Bush's Drug War in Bolivia
Allan Gillies, "Contesting the ‘War on Drugs’ in the Andes: US–Bolivian Relations of Power and Control (1989–93)," Journal of Latin American Studies (first view).
Abstract:
The implementation of President George H. W. Bush's 1989 Andean Initiative brought to the fore competing US and Bolivian agendas. While US embassy officials sought to exert control in pursuit of militarised policies, the Bolivian government's ambivalence towards the coca-cocaine economy underpinned opposition to the ‘Colombianisation’ of the country. This article deconstructs prevailing top-down, US-centric analyses of the drug war in Latin America to examine how US power was exercised and resisted in the Bolivian case. Advancing a more historically grounded understanding of the development of the US drug war in Latin America, it reveals the fluidity of US–Bolivian power relations, the contested nature of counter-drug policy at the country level, and the instrumentalisation of the ‘war on drugs’ in distinct US and Bolivian agendas.This article continues a growing and welcome trend of moving away from U.S.-centric views that focus largely (or only) on imbalance of power, in this case what Gillies refers to as "drug fetishism" (p. 6). He does this through interviews a with a number of key figures in both countries.

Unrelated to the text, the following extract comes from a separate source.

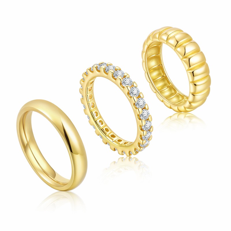 TempBeau Women's Rings with Cubic Zirconia, 14 K Gold-Plated Ring Set Made of Stainless Steel Copper for Women, Girlfriend, Mum, Finger Ring, Jewellery, Stackable, Waterproof Rings for Birthday

What this means in practice is Bolivian governments who argued openly for acknowledging that drug dollars kept the economy stabilize. More broadly, they used the drug war as leverage for other economic support. For them, the U.S. was often more of a threat to stability than coca or cocaine was.
Further, Bolivian governments at the time were keenly aware that they were in an era of democratization that they wanted to protect. U.S. policy worked against it by alienating people and threatening fragile local economies. U.S. Ambassadors routinely bullied and ordered Bolivian presidents to do what they wanted. Here is one such example about Robert Gelbard:
I called the President and I told him [that] I really needed to talk to him about further corruption problems. He invited me over to his house, we sat down and went through a bottle and a half of Scotch whisky. I remember – my wife remembers – I stumbled home, and I fell into bed saying, ‘God, what I do for my country!’ He agreed to get rid of them (p. 22).
Later he would also rant about a Bolivian decree passed while he was out of the country, saying it should never have been passed with U.S. consultation (p. 25).
The point here is that the Bolivians resisted in many ways, so although power asymmetry is certainly important, it should not be taken to mean the governments were caving.
Since Evo Morales' ouster is so recent, the article can't take it into consideration. But I wonder how much resistance is occurring under Jeanine Añez, who publicly at least seems in lockstep with the Trump administration.
1 comments:
The Anez government is so openly crazy and abusive, not to mention incompetent, that I do suspect that even the white-proximates gorging on her regime's racism probably are pretty tired of them.